**Task item**
The reply must consist of the complete listing, reproduced exactly, with no images included.
'''
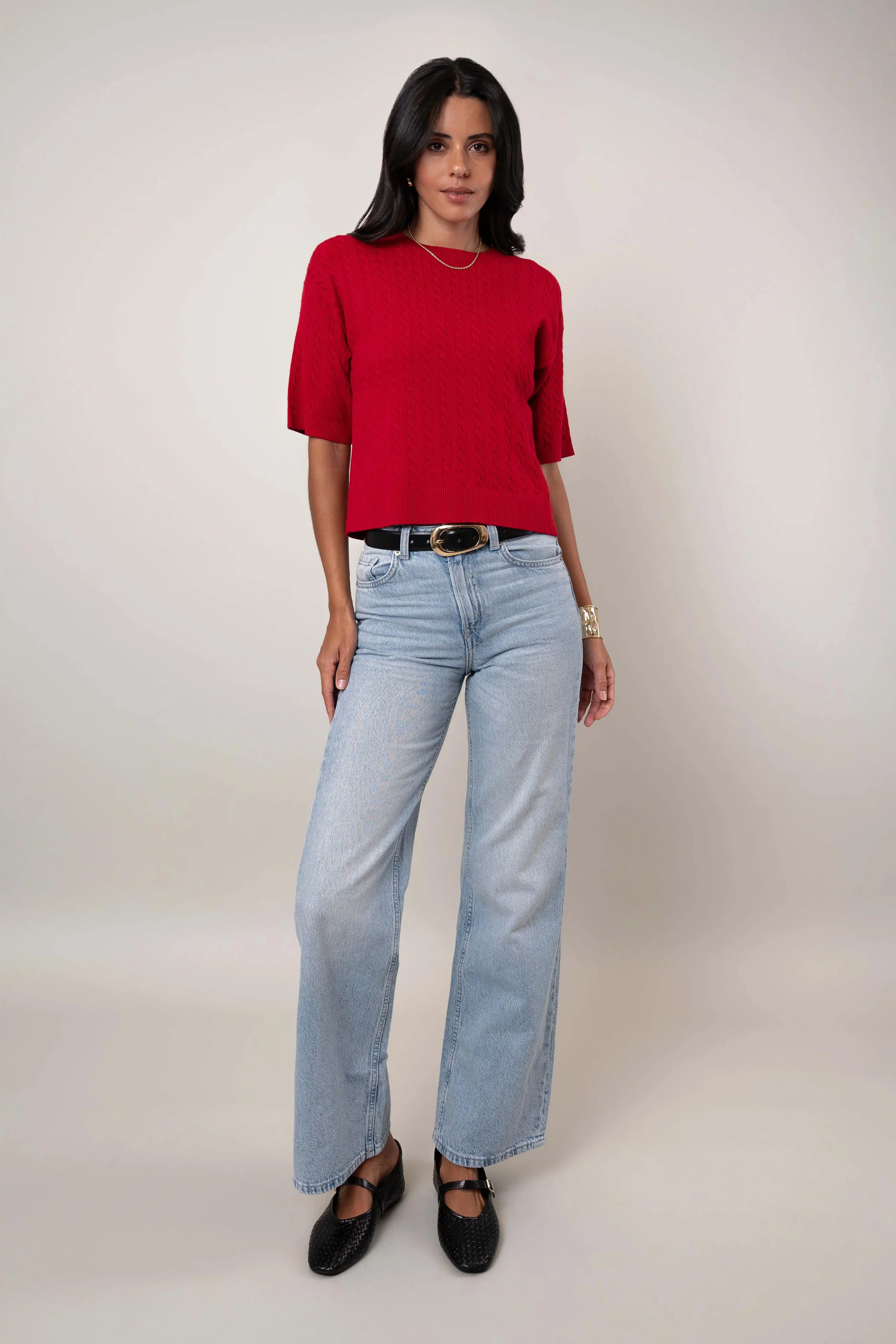 - Soft, mid-weight knit with classic cable detailing
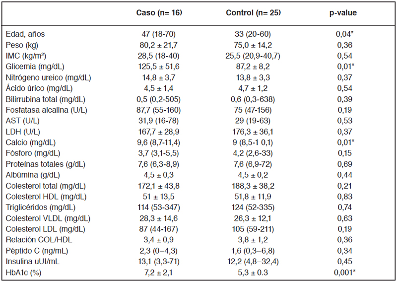 Datos expresados como media ± DS para datos paramétricos y como mediana y rango para datos no paramétricos. IMC: índice de masa corporal; GOT (transaminasa glutámica oxalacética) o AST (aspartato aminotransferasa); LDH: Deshidrogenasa láctica; HDL: colesterol de lipoproteínas de alta densidad; VLDL: colesterol de lipoproteína de muy baja densidad; LDL: colesterol de lipoproteína de baja densidad; HbA1c: Hemoglobina glicosilada.
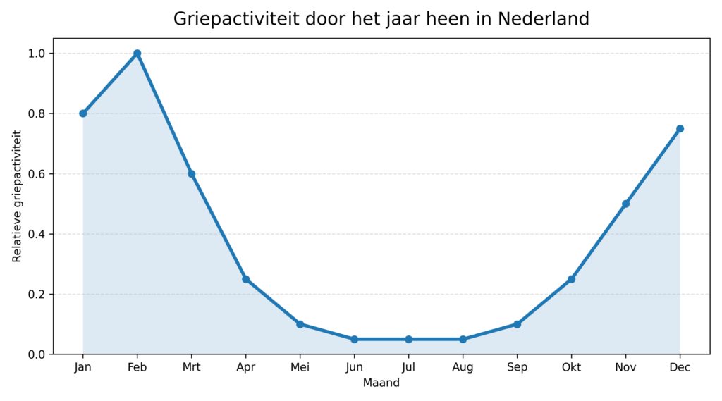 Dat patroon is vrijwel identiek van jaar tot jaar (met kleine verschuivingen). De onderstaande afbeelding toont deze gemiddelde griepactiviteit in Nederland:
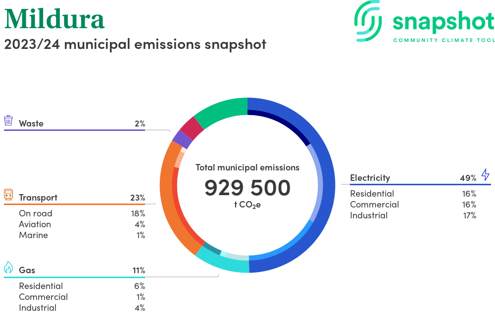 Mildura is a rural city that is large in geographical area relative to the state average and has a very low urban density. Its major emissions source is electricity consumption with the majority of this coming from commercial electricity consumption.
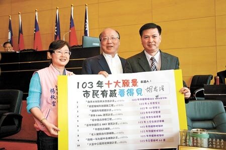 市議員楊秋雲(左起)、林汝洲要求市長胡志強簽署市政10大願景,承諾明年全力實現。(記者盧金足/攝影)
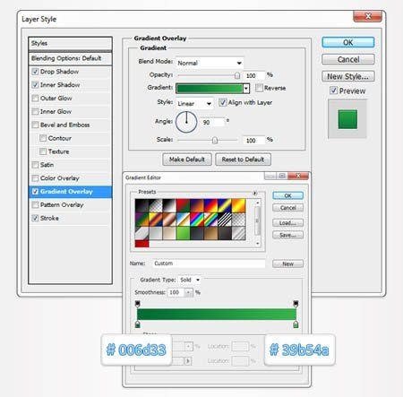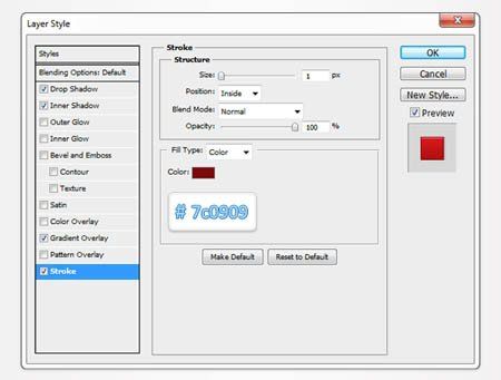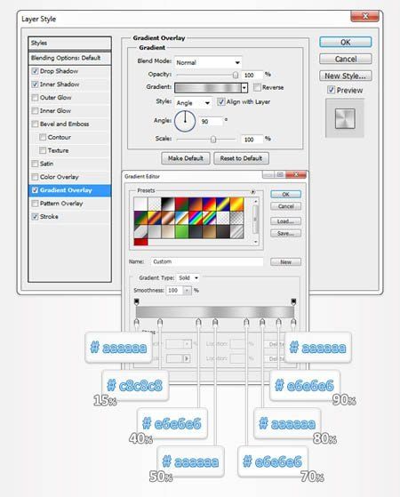 Дважды щёлкните на слое с левым прямоугольником и примените стили слоя: Тень (Drop Shadow), Внутренняя тень (Inner Shadow), Наложение градиента (Gradient Overlay) и Обводка (Stroke). Настройки смотрите ниже на скриншотах. Затем, для упрощения, сделаем маленький фокус. Скопируйте стили слоя с этого прямоугольника, нажав правой кнопкой мыши и выбрав опцию Скопировать стиль слоя (Copy Layer Style). Теперь сделайте активным слой с правым прямоугольником, нажмите правой кнопкой мыши и выберите опцию Вклеить стиль слоя (Paste Layers Style). Далее, выделите эти два скругленных прямоугольника в палитре слоёв и перетащите ниже основной фигуры, которую создали в третьем шаге.
'''
**Output below**
 - Soft, mid-weight knit with classic cable detailing
 Datos expresados como media ± DS para datos paramétricos y como mediana y rango para datos no paramétricos. IMC: índice de masa corporal; GOT (transaminasa glutámica oxalacética) o AST (aspartato aminotransferasa); LDH: Deshidrogenasa láctica; HDL: colesterol de lipoproteínas de alta densidad; VLDL: colesterol de lipoproteína de muy baja densidad; LDL: colesterol de lipoproteína de baja densidad; HbA1c: Hemoglobina glicosilada.
 Dat patroon is vrijwel identiek van jaar tot jaar (met kleine verschuivingen). De onderstaande afbeelding toont deze gemiddelde griepactiviteit in Nederland:
 Mildura is a rural city that is large in geographical area relative to the state average and has a very low urban density. Its major emissions source is electricity consumption with the majority of this coming from commercial electricity consumption.
 市議員楊秋雲(左起)、林汝洲要求市長胡志強簽署市政10大願景,承諾明年全力實現。(記者盧金足/攝影)
 Дважды щёлкните на слое с левым прямоугольником и примените стили слоя: Тень (Drop Shadow), Внутренняя тень (Inner Shadow), Наложение градиента (Gradient Overlay) и Обводка (Stroke). Настройки смотрите ниже на скриншотах. Затем, для упрощения, сделаем маленький фокус. Скопируйте стили слоя с этого прямоугольника, нажав правой кнопкой мыши и выбрав опцию Скопировать стиль слоя (Copy Layer Style). Теперь сделайте активным слой с правым прямоугольником, нажмите правой кнопкой мыши и выберите опцию Вклеить стиль слоя (Paste Layers Style). Далее, выделите эти два скругленных прямоугольника в палитре слоёв и перетащите ниже основной фигуры, которую создали в третьем шаге.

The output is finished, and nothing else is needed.